- What you will do -
Exact copy, no pictures: reproduce the lines from the one that holds "두산이 31일 서울 잠실야구장에서" through the end of the entries.

Source records
###

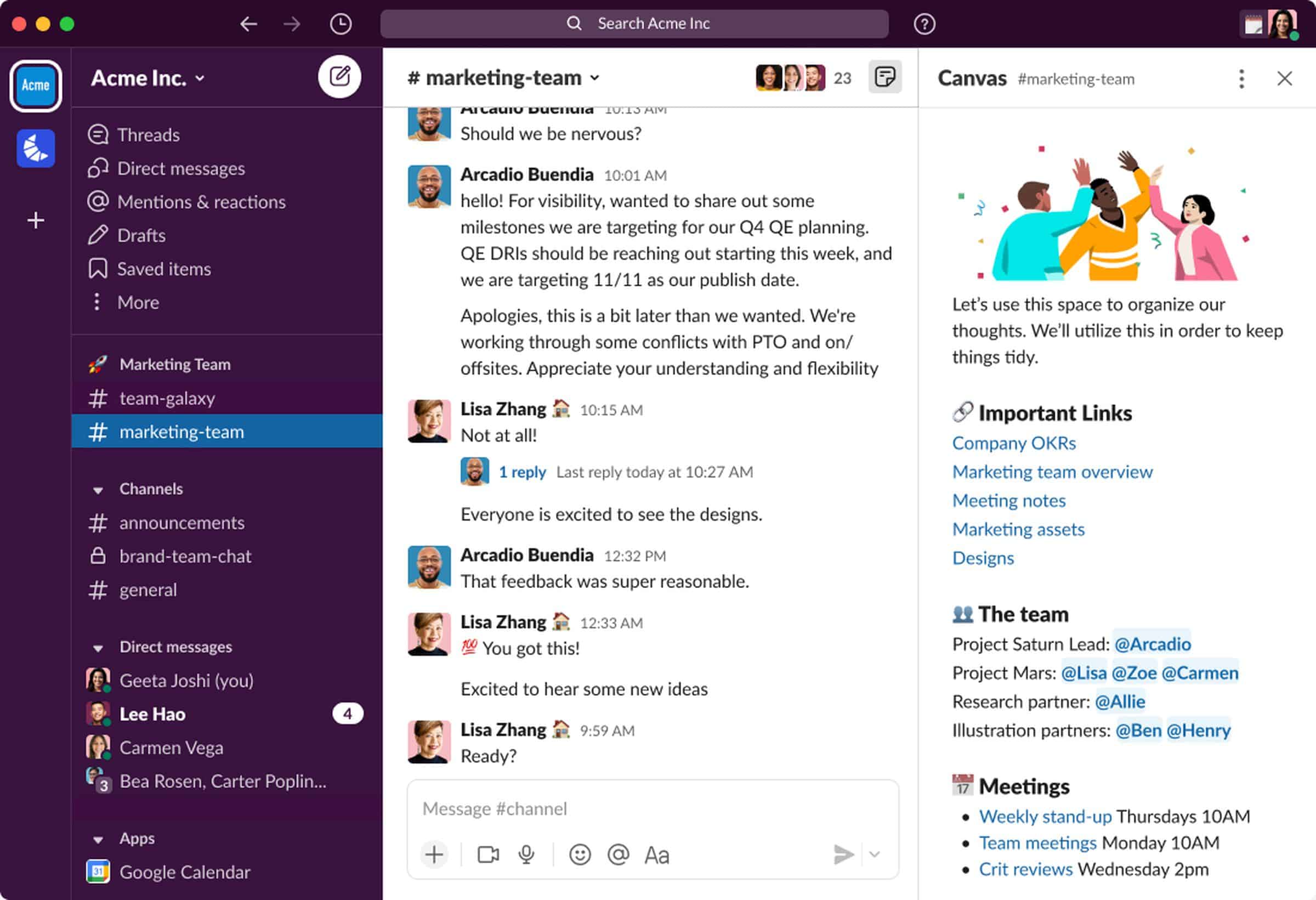 | Integrations | Integrates with apps like Google Drive, Jira, etc. | Extensive app ecosystem and bot integrations |
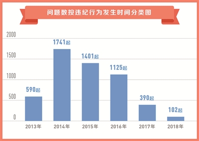 从66次“每周通报”曝光的问题发生时间看,“四风”增量问题得到有效遏制,但反弹回潮隐患犹存。据统计,5349起被曝光的问题中,发生在2013年590起,占比11%;2014年1741起,占比32.5%;2015年1401起,占比26.2%;2016年1125起,占比21%;2017年390起,占比7.3%;2018年102起,占比1.9%。
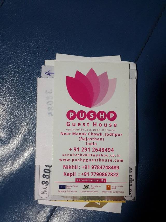 【焦特布尔】Pushp Guest House,800Rs一晚,综合评价6分。老板娘烧的菜很好吃,楼顶餐厅可以看见古堡,欧美人住的比较多,房间比较简单,三个人住比较挤,洗澡水不热。
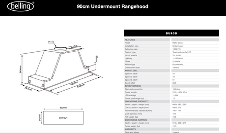 $499.00$1,319.00Unit price /UnavailableBelling BU90B 90cm Black and Steel Undermount Rangehood
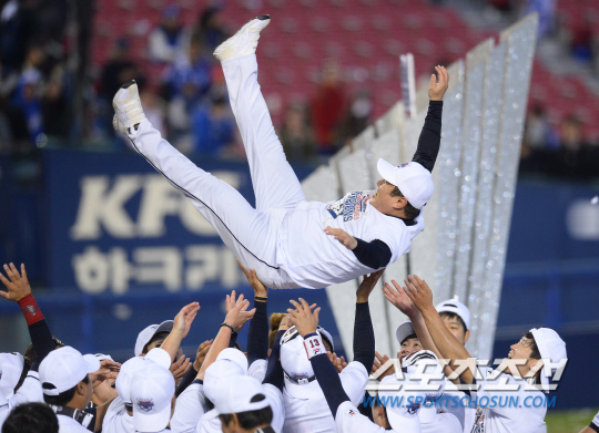 두산이 31일 서울 잠실야구장에서 열린 한국시리즈 5차전에서 삼성을 누르고 우승을 차지했다.시리즈 전적 4승1패로 14년만에 우승을 거머쥔 두산 선수들이 우승의 기쁨을 만끽하고 있다. 두산의 김태형 감독이 선수들로부터 헹가래를 받고 있다. 잠실=최문영 기자deer@sportschosun.com
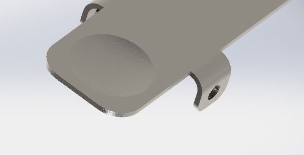 Ta divne tvarovana prohluben slouzi jako zamek zapadajici do uzamykaciho otvoru v drzaku. Smerem s mensim sklonem se pristroj nasouva do drzaku (cestou musi prekonat vyvysenou hranu - proto ten mensi sklon) a pruhluben ho nasledne zamkne v otvoru (pruzina tlaci prohluben do otvoru pres paku s osou v cepu). Opacnym smerem uz beze stlaceni pruziny nejde snadno vysunout kvuli strmemu sklonu pruhlubne a "zamknuti v dire".

###

- Solution to the exercise -
 두산이 31일 서울 잠실야구장에서 열린 한국시리즈 5차전에서 삼성을 누르고 우승을 차지했다.시리즈 전적 4승1패로 14년만에 우승을 거머쥔 두산 선수들이 우승의 기쁨을 만끽하고 있다. 두산의 김태형 감독이 선수들로부터 헹가래를 받고 있다. 잠실=최문영 기자deer@sportschosun.com
 Ta divne tvarovana prohluben slouzi jako zamek zapadajici do uzamykaciho otvoru v drzaku. Smerem s mensim sklonem se pristroj nasouva do drzaku (cestou musi prekonat vyvysenou hranu - proto ten mensi sklon) a pruhluben ho nasledne zamkne v otvoru (pruzina tlaci prohluben do otvoru pres paku s osou v cepu). Opacnym smerem uz beze stlaceni pruziny nejde snadno vysunout kvuli strmemu sklonu pruhlubne a "zamknuti v dire".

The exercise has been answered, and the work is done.